WHAT YOU SHOULD DO: Starting from the line that holds "Verbotsschild mit dem", print each remaining line of the entries exactly, ending with the last.

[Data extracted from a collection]
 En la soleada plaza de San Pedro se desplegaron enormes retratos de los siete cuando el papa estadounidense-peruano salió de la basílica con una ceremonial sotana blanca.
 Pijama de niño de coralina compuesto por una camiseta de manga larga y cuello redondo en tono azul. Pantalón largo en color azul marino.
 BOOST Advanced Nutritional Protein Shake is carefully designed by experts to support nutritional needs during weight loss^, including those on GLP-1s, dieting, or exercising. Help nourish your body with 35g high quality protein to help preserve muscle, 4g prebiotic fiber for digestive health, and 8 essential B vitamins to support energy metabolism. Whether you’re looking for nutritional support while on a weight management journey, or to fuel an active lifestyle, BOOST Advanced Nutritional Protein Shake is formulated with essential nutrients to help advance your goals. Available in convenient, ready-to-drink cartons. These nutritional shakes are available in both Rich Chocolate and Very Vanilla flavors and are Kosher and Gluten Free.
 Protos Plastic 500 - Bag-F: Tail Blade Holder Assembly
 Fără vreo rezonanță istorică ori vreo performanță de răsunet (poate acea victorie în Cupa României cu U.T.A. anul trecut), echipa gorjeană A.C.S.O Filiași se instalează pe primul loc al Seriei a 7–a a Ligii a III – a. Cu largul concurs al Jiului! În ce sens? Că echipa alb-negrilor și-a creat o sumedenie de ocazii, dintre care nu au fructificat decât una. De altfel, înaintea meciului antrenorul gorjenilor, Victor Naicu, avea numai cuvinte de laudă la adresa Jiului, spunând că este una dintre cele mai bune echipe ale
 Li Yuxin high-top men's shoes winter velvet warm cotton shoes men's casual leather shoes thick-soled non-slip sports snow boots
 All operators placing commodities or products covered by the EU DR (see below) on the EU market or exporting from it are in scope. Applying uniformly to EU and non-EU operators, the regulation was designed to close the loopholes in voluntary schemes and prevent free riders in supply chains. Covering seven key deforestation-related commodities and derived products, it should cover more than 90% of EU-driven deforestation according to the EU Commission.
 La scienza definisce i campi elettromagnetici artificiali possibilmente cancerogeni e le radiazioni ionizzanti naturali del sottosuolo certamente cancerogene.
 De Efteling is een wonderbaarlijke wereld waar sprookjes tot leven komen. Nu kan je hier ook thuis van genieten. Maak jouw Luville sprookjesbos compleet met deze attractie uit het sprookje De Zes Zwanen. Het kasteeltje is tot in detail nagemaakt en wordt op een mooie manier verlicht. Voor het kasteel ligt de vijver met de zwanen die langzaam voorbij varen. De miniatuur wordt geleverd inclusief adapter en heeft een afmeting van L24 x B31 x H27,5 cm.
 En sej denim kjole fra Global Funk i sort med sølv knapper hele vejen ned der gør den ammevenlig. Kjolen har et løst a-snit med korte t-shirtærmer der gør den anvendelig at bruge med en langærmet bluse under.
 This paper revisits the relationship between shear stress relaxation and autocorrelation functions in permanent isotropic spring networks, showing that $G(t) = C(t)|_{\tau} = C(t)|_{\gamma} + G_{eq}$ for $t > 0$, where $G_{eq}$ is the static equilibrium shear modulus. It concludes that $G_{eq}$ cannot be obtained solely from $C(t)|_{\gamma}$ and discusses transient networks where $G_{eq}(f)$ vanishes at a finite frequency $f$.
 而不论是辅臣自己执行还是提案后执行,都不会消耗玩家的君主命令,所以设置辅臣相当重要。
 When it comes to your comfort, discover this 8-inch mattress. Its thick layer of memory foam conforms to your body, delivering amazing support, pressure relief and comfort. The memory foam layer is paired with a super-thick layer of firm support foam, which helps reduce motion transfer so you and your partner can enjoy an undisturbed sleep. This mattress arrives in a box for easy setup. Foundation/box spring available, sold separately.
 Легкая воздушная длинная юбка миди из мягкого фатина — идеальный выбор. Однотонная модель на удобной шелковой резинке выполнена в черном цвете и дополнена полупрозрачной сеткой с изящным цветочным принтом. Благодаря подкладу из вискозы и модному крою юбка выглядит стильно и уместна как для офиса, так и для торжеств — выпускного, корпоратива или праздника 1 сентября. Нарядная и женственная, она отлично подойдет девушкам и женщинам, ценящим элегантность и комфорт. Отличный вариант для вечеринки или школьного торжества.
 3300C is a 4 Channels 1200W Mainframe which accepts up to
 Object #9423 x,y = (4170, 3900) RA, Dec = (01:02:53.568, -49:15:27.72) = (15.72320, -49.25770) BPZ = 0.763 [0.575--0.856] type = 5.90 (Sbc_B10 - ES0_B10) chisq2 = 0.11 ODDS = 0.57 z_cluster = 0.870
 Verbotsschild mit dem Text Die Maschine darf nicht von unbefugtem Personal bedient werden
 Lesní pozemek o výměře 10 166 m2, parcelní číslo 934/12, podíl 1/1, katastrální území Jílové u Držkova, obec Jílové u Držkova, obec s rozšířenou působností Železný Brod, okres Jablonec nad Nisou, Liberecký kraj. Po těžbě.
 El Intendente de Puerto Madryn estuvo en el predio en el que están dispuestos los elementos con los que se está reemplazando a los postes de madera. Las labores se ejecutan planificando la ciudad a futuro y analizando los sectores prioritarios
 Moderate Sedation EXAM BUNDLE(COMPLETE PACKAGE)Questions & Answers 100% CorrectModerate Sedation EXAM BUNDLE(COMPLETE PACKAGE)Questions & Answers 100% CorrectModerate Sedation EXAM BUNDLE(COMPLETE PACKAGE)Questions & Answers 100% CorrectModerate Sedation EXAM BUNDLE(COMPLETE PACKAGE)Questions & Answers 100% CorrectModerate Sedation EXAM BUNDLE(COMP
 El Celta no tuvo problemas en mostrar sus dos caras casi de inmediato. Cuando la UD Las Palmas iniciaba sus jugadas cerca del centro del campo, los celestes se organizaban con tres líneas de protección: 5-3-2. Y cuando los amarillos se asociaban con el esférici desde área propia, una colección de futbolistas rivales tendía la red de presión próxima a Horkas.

EXERCISE SOLUTION:
 Verbotsschild mit dem Text Die Maschine darf nicht von unbefugtem Personal bedient werden
 Lesní pozemek o výměře 10 166 m2, parcelní číslo 934/12, podíl 1/1, katastrální území Jílové u Držkova, obec Jílové u Držkova, obec s rozšířenou působností Železný Brod, okres Jablonec nad Nisou, Liberecký kraj. Po těžbě.
 El Intendente de Puerto Madryn estuvo en el predio en el que están dispuestos los elementos con los que se está reemplazando a los postes de madera. Las labores se ejecutan planificando la ciudad a futuro y analizando los sectores prioritarios
 Moderate Sedation EXAM BUNDLE(COMPLETE PACKAGE)Questions & Answers 100% CorrectModerate Sedation EXAM BUNDLE(COMPLETE PACKAGE)Questions & Answers 100% CorrectModerate Sedation EXAM BUNDLE(COMPLETE PACKAGE)Questions & Answers 100% CorrectModerate Sedation EXAM BUNDLE(COMPLETE PACKAGE)Questions & Answers 100% CorrectModerate Sedation EXAM BUNDLE(COMP
 El Celta no tuvo problemas en mostrar sus dos caras casi de inmediato. Cuando la UD Las Palmas iniciaba sus jugadas cerca del centro del campo, los celestes se organizaban con tres líneas de protección: 5-3-2. Y cuando los amarillos se asociaban con el esférici desde área propia, una colección de futbolistas rivales tendía la red de presión próxima a Horkas.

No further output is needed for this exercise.